傘
ようやく、掃除が終わった。結局、大杉は戻ってこないし、美緒も戻ってきてすぐ教室を出て行った。何でも、先生に呼ばれたとの事。
しかし、何で僕が一人で教室を掃除しにゃならんのだ。全く納得いかない。掃除当番は何の為にあるんだ。不満を抱きながら、カバンを持つと電気を消してから教室を出た。戸締りは――大杉の奴がしてくれるだろう。全く学級委員長なんて損な役回りだけだ。

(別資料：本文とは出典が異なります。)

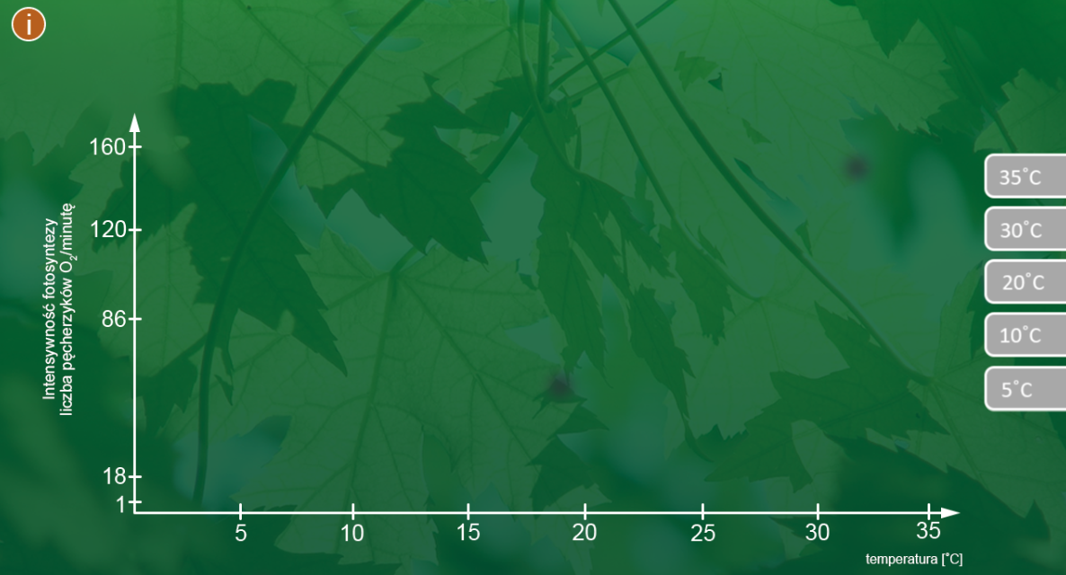 Symulacja interaktywna stanowi zestawienie intensywności fotosyntezy mierzonej w ilości wydzielonych pęcherzyków tlenu na minutę do temperatury. Temperatura na wykresie jest mierzona w stopniach Celsjusza. Zmierzono intensywność fotosyntezy w temperaturach: pięciu stopni Celsjusza, dziesięciu stopni Celsjusza, dwudziestu stopni Celsjusza, trzydziestu stopni Celsjusza oraz trzydziestu pięciu stopni Celsjusza. W temperaturze dziesięciu stopni Celsjusza osiągnięty został punkt wysycenia, przy wydzieleniu osiemnastu pęcherzyków tlenu cząsteczkowego na minutę. Punkt kompensacyjny świetlny został osiągnięty przez roślinę w temperaturze dwudziestu stopni Celsjusza. Wydzieliła ona osiemdziesiąt sześć pęcherzyków tlenu na minutę. To natężenie światła, przy którym równoważą się procesy pobierania i wydzielania dwutlenku węgla przez roślinę. Roślina nie wydziela ani nie pobiera dwutlenku węgla. Wysokie temperatury powodują stres termiczny u rośliny, która wolniej rośnie i daje mniejsze plony. Rośliny są zróżnicowane pod względem wymagań temperaturowych. Każdy gatunek posiada temperaturę optymalną. To taka temperatura, przy której fotosynteza zachodzi z największą intensywnością. Poniżej i powyżej tej granicy intensywność procesu spada. Na wykresie intensywność procesu fotosyntezy została zaznaczona białą krzywą. Temperatura wpływa na intensywność fotosyntezy, oddziałując na aktywność enzymów. Reakcje fotosyntetyczne przebiegają w dość szerokim zakresie temperatur od zera do czterdziestu pięciu stopni Celsjusza, przy czym przedział od dwudziestu do trzydziestu stopni Celsjusza to warunki optymalne dla procesu. Wzrost temperatury powyżej wartości optymalnych powoduje spadek intensywności fotosyntezy aż do jej całkowitego zahamowania. Temperatura wpływa na aktywność enzymów katalizujących przebieg przemian w fazie ciemnej fotosyntezy.

折り畳み傘を右手に持ち、鼻歌混じりで歩みを進める。人とすれ違う事も無く、正面玄関へと辿り着いた。流石にもう人は残っていない様だ。
「ハァ……。何で俺が」
「あっ、赤坂君です」
「あら。今帰りなの?」
木村と高橋の二人。同じクラスの仲良し二人組みだ。
「ど、どうしたの? こんな時間まで残って」
慌ててそんな言葉を口にすると、高橋の方が穏やかな笑みを浮かべながら答える。
「雨脚が強いから、少し弱まるのを待ってるのよ。赤坂は?」
「ぼ、僕は掃除をしてたんだよ」
「ふえぇぇっ。今まで掃除してたんですか。大変ですね。委員長も」
「そ、そんなこと無いよ」
テレを隠す様に、顔を背けた。正直、僕は木村の事が好きだ。だから、褒められるのは慣れていても、流石に好きな子に褒められるのはどうも歯がゆい感じがする。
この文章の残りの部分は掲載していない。